Outlook: GUS/Argos

LORD WOLFSON, chairman of Great Universal Stores, just cannot seem to get this Argos business out of his system. He reckons the former Argos directors made inaccurate statements during the heat of the bid battle, and he wants them to suffer a public humiliation to make up for it.

How the language flowed yesterday. The Takeover Panel should show the former Argos team the yellow card, he said. There were clear breaches of the rules and the ref should act. Failure to do so would turn bids into a car-boot sale, he fumed.

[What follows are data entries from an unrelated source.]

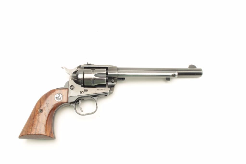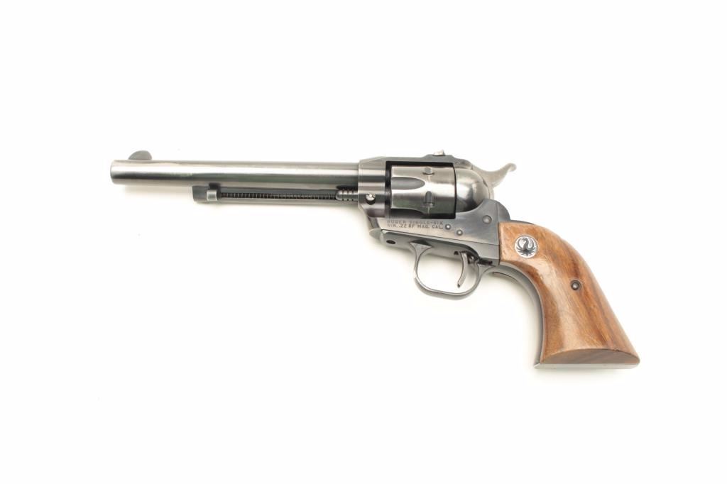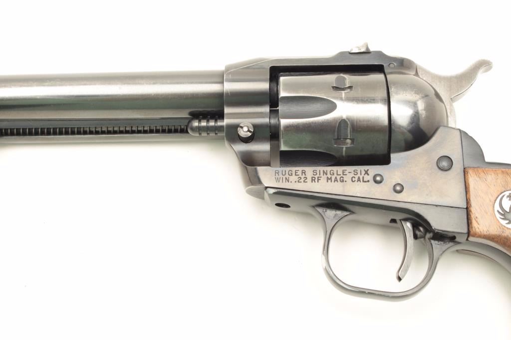 Lot 396 Ruger Single Six revolver, Win. .22RF Mag. caliber, 6.5” barrel, blued finish, wood medallion grip
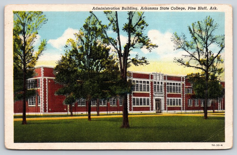 Pine Bluff AR~Administration Bldg~Arkansas State College~Vintage Linen Postcard
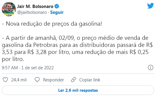 Nesta 5ª feira (1º.set) a Petrobras confirmou a declaração do presidente Jair Bolsonaro (PL) e vai reduzir o preço de venda da gasolina para as distribuidoras em R$ 0,25, por litro, a partir de amanhã (02.set). Ou seja, o preço médio passará de R$ 3,53 para R$ 3,28 por litro.
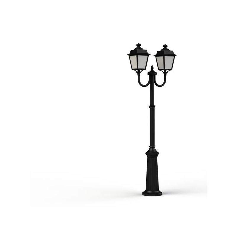 Lampadaire 2 têtes PLACE DES VOSGES EVOLUTION en aluminium, télescopique, E27, IP65, classe 1, blocs diffuseurs méthacrylate opale. Teinte RAL 9005 Noir foncé 0

Let us look at the facts. In its early defence documents, Argos said sales in its five start-up stores in Holland were "ahead of expectations". Under the terms of the code, companies are supposed to inform the market of "any material change to any information". Having now got hold of the management accounts, GUS says sales in Holland were 40 per cent below forecasts by the end of the bid.

This is being disputed. Sales may have dipped below forecasts in some weeks, but taken cumulatively sales were ahead of expectations throughout the entire duration of the bid. Was this a change that should have been disclosed?

Having been turned down by the Panel once, Lord Wolfson has made a renewed approach, but his "fresh information" does not seem to have made the executive change its mind. Note, Lord Wolfson is not claiming that these allegedly misleading statements caused him to increase his offer for Argos. Nor is he saying that as a result he paid too much or that he has been sold a pup. But Lord Wolfson is not giving up. He is fighting on a point of principle which his advisers say is a "noble act".

If he loses, shareholders might think otherwise. He is already in danger of appearing vindictive. Using shareholders' money to fight a court case on a point of principle he looks unlikely to win, and which even he admits has inflicted no damage, would be a very strange act indeed. Lord Wolfson has had his tantrum. He should now shut up.